■ **WHAT TO PRODUCE**
Each line in the material below must be transcribed exactly; no picture belongs in the copy.

■ **INFORMATION SHOWN**
☆ ☆ ☆ ☆

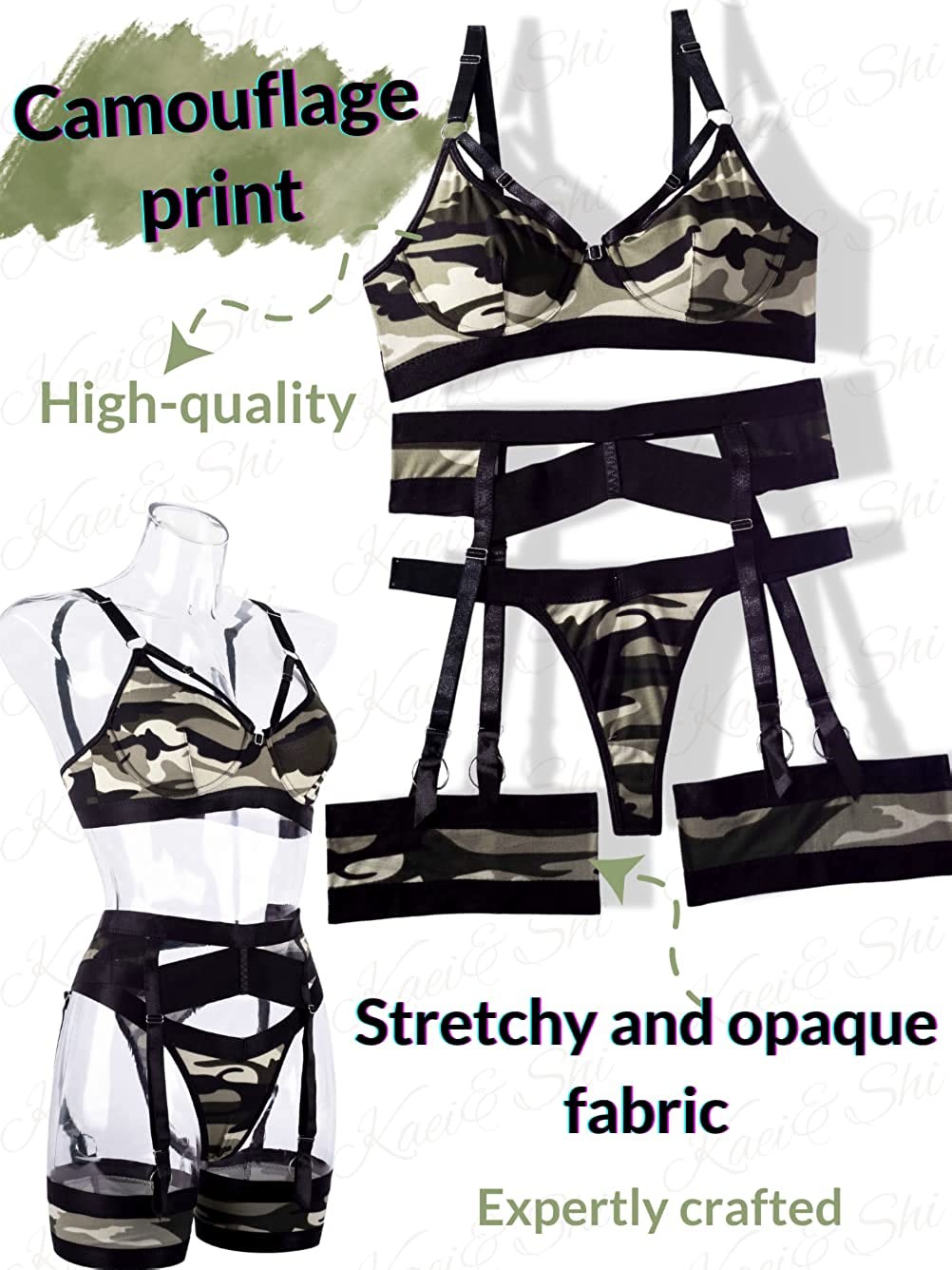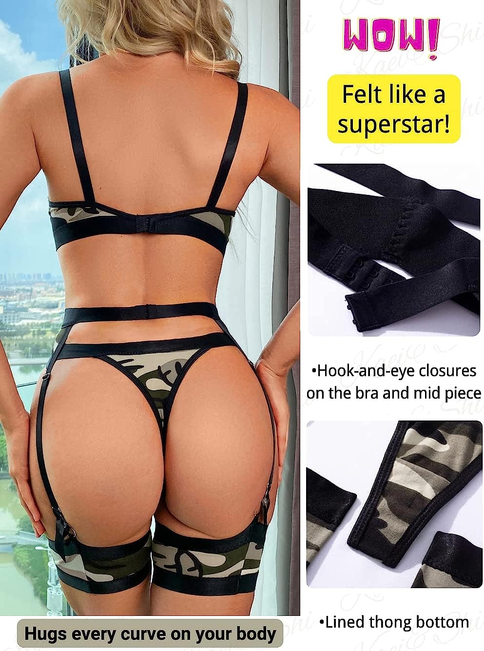 Garter Lingerie for Women,Sexy Lace Lingerie,Sheer Matching 4 Piece Lingerie Set
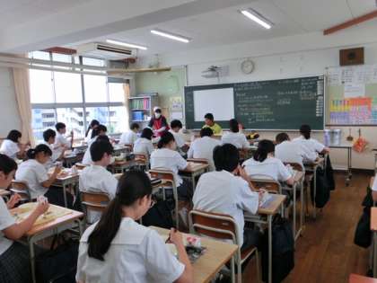 ■各クラスで配膳係の生徒たちが手際よく協力して配膳を進めていきます。配膳が終わるのを行儀よく着席して待っていることが印象的でした。
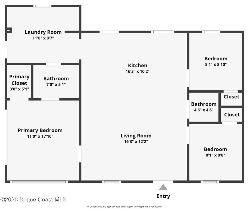- RoomsBathroom 2, Bedroom 2, Bedroom 3, Kitchen, Laundry, Living Room, Primary Bathroom and Primary Bedroom
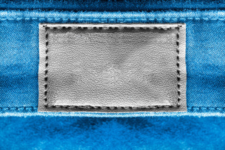 Denim texture with leather label tag for background

☆ ☆ ☆ ☆

■ **COMPLETED EXERCISE**
 Garter Lingerie for Women,Sexy Lace Lingerie,Sheer Matching 4 Piece Lingerie Set
 ■各クラスで配膳係の生徒たちが手際よく協力して配膳を進めていきます。配膳が終わるのを行儀よく着席して待っていることが印象的でした。
- RoomsBathroom 2, Bedroom 2, Bedroom 3, Kitchen, Laundry, Living Room, Primary Bathroom and Primary Bedroom
 Denim texture with leather label tag for background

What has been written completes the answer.